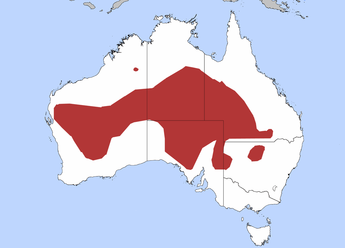 The Kultarr's Distribution.
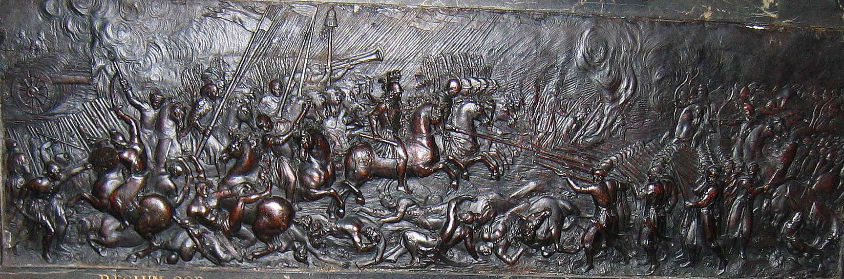 Jean Thibaut (French): Battle of Beresteczko 1651, relief at Abbaye de Saint-Germain-des-Prés in Paris.
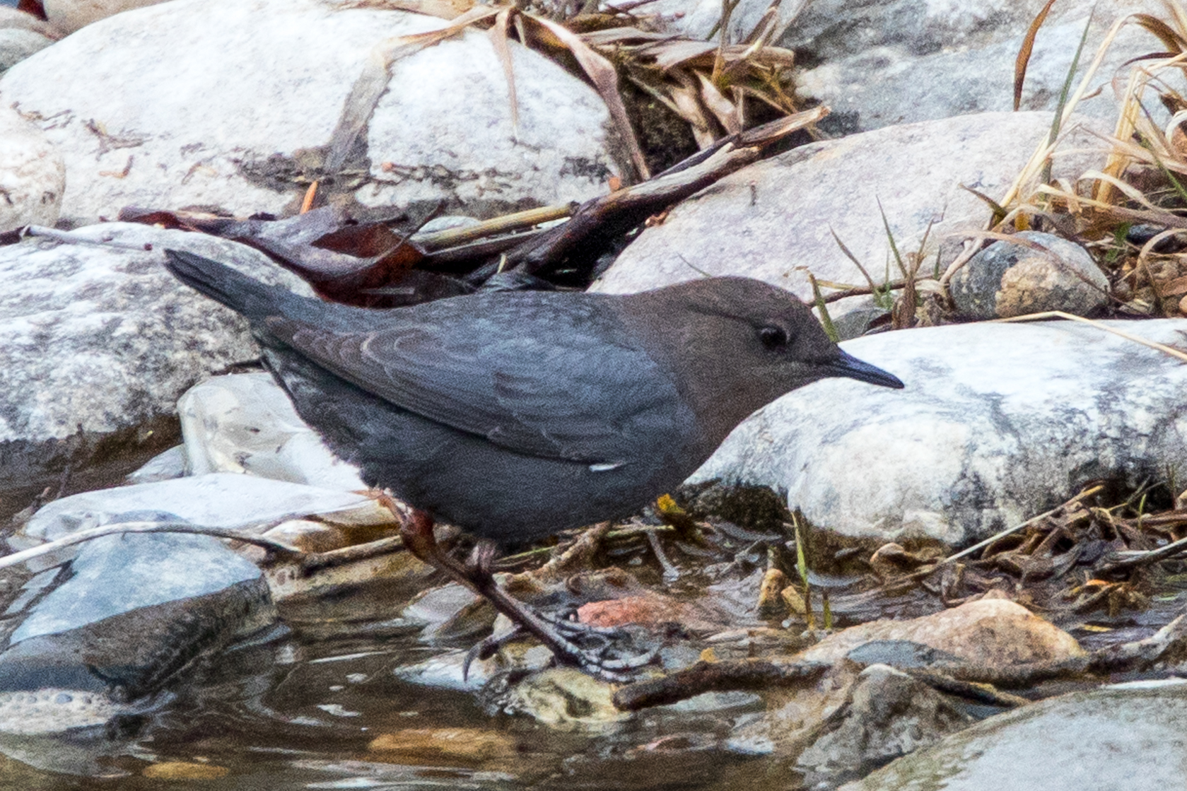 Blue River, Silverthorne, Colorado have now seen all the Dippers of the World
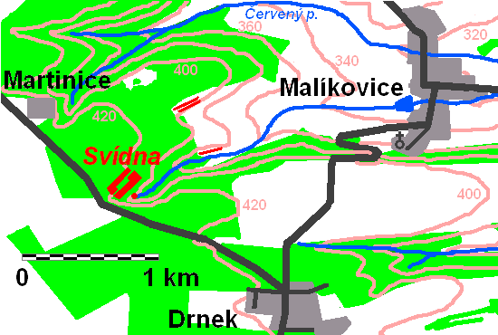 Location of deserted medieval village of Svídna in a forest near Drnek and Malíkovice, Kladno District, Czech Republic. Spring in a ravine just south of Svídna and traces of field stripes east of it are also highlited in red.
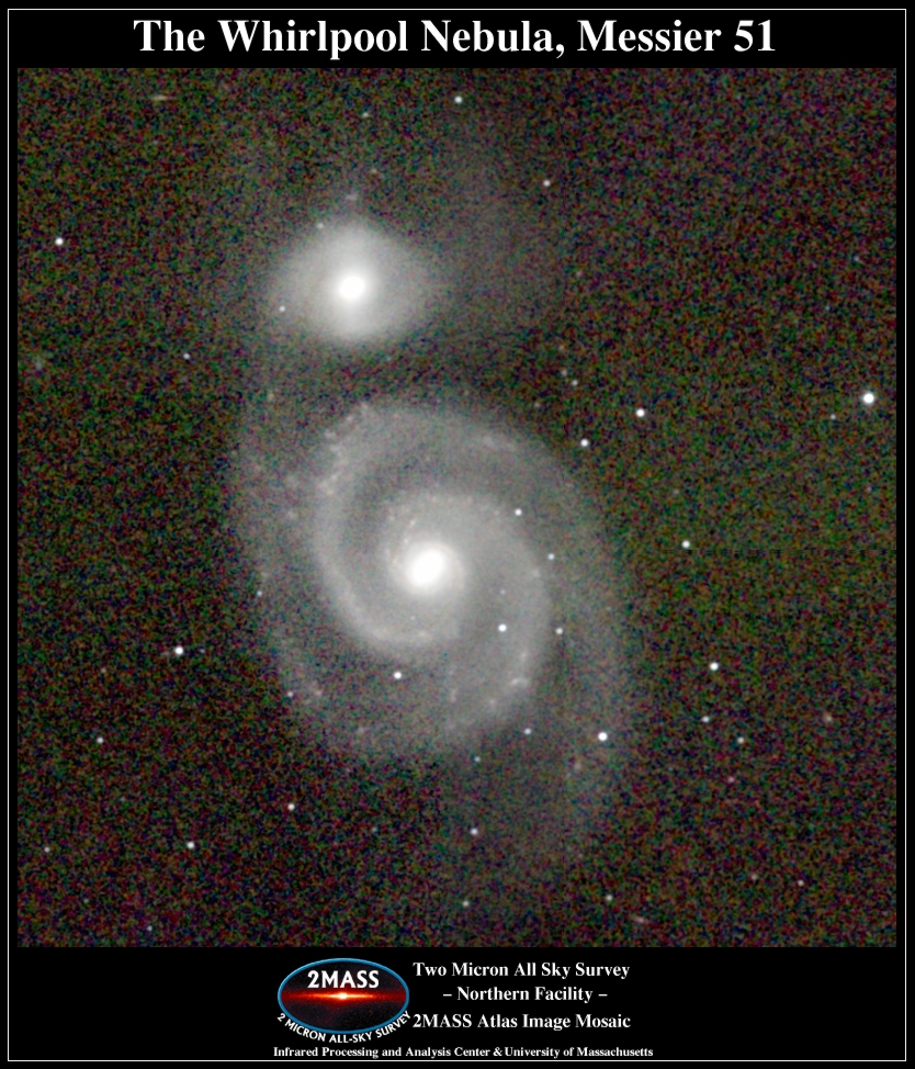 The Whirlpool Nebula, Messier 51
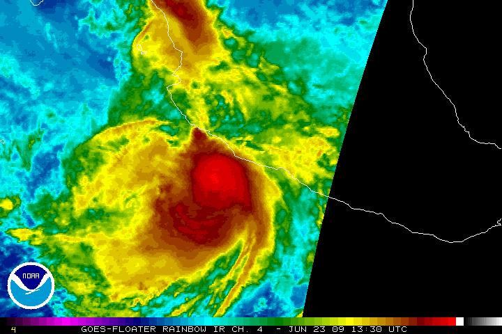 TS Andres as of 23 jun 2009 1330UTC
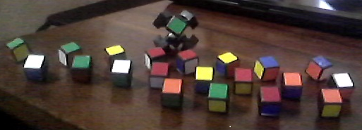 Disassembled Rubik's Cube on table.
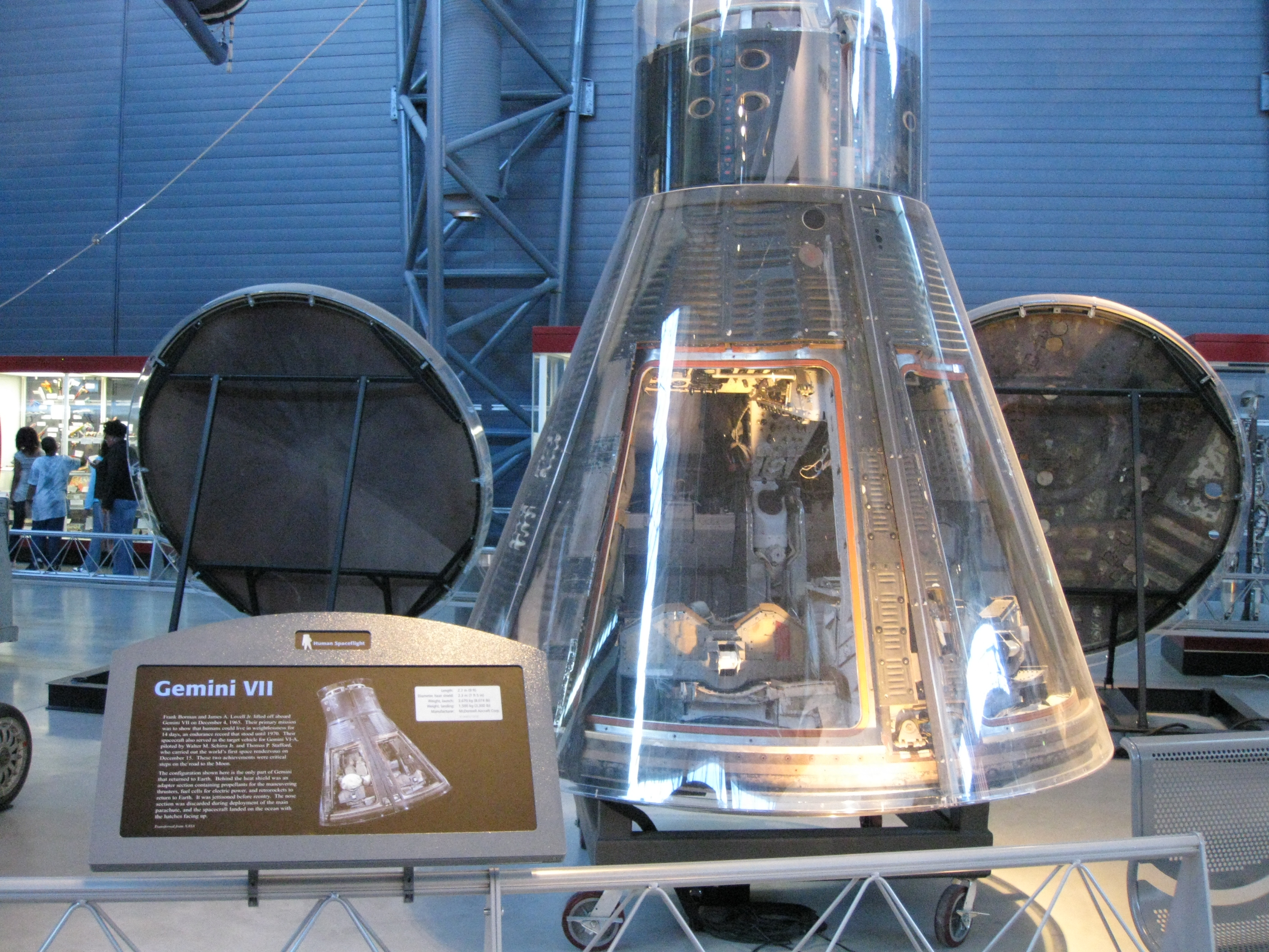 Gemini VII the Steven F. Udvar-Hazy Center, Chantilly, Virginia.
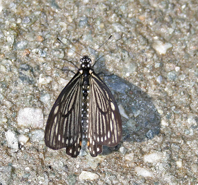 Lesser Mime Chilasa epycides at Samsing in Darjeeling district of West Bengal, India.
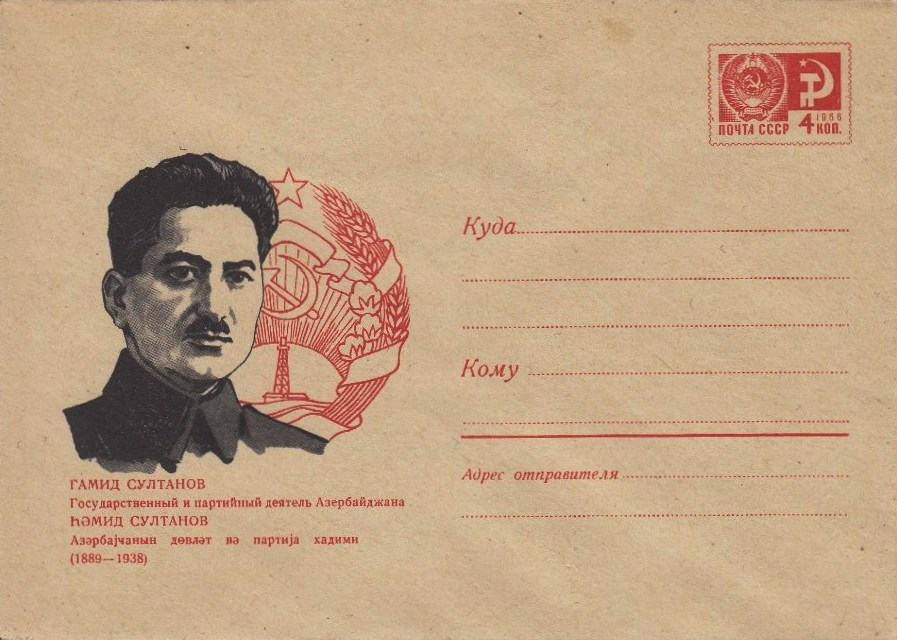 Famous People Azerbaijan Polician G.Sultanov State Emblem on Russia USSR 1969 Mint Stationery Cover #15650
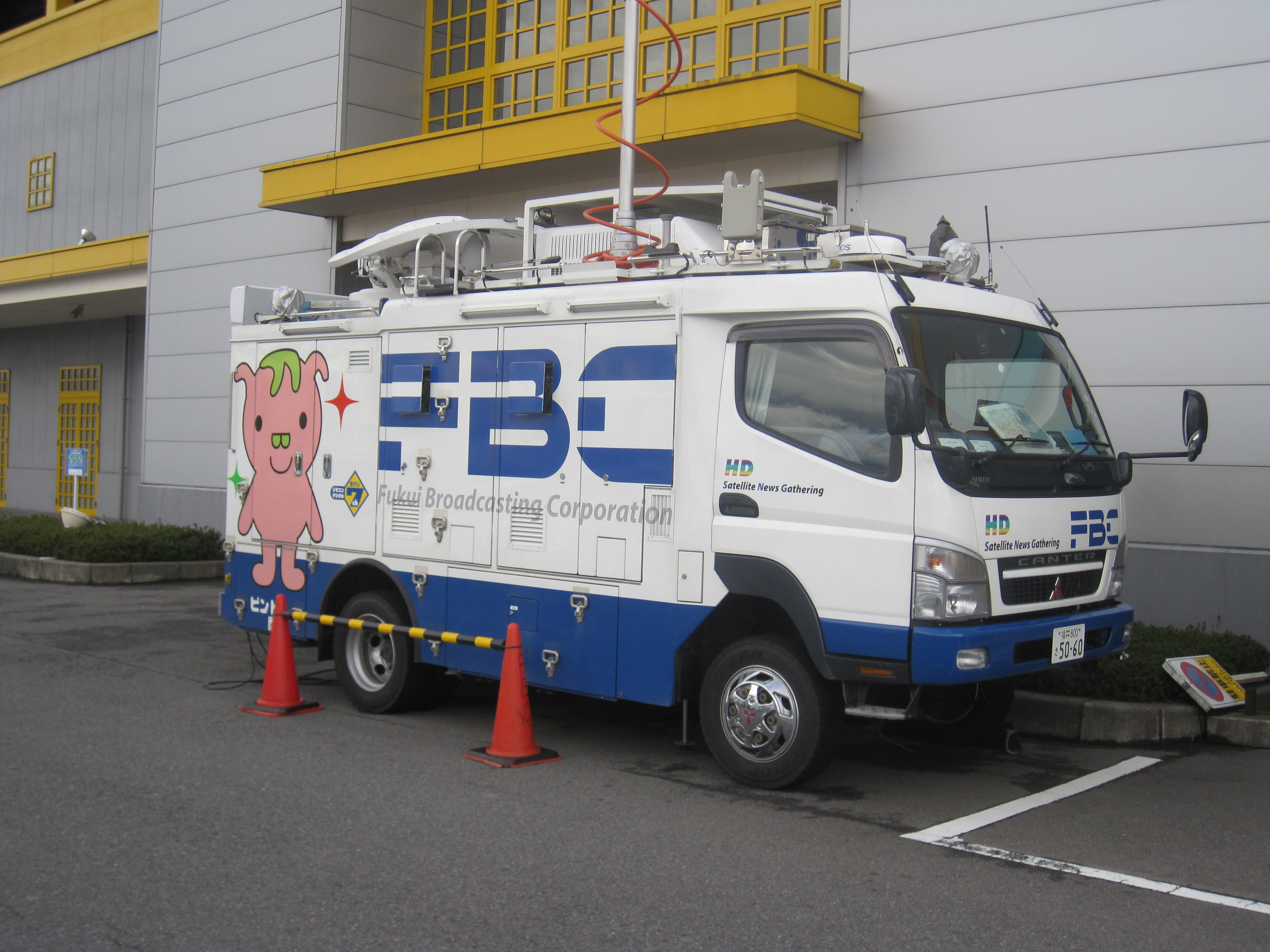 Hi-Vision SNG van (Fuso Canter 4WD) of Fukui Broadcasting Corporation at Fairmall Fukui.

◆ Activity ◆
Your answer must be the full listing, copied exactly, with no pictures in it.

◆ Response to this exercise ◆
 The Kultarr's Distribution.
 Jean Thibaut (French): Battle of Beresteczko 1651, relief at Abbaye de Saint-Germain-des-Prés in Paris.
 Blue River, Silverthorne, Colorado have now seen all the Dippers of the World
 Location of deserted medieval village of Svídna in a forest near Drnek and Malíkovice, Kladno District, Czech Republic. Spring in a ravine just south of Svídna and traces of field stripes east of it are also highlited in red.
 The Whirlpool Nebula, Messier 51
 TS Andres as of 23 jun 2009 1330UTC
 Disassembled Rubik's Cube on table.
 Gemini VII the Steven F. Udvar-Hazy Center, Chantilly, Virginia.
 Lesser Mime Chilasa epycides at Samsing in Darjeeling district of West Bengal, India.
 Famous People Azerbaijan Polician G.Sultanov State Emblem on Russia USSR 1969 Mint Stationery Cover #15650
 Hi-Vision SNG van (Fuso Canter 4WD) of Fukui Broadcasting Corporation at Fairmall Fukui.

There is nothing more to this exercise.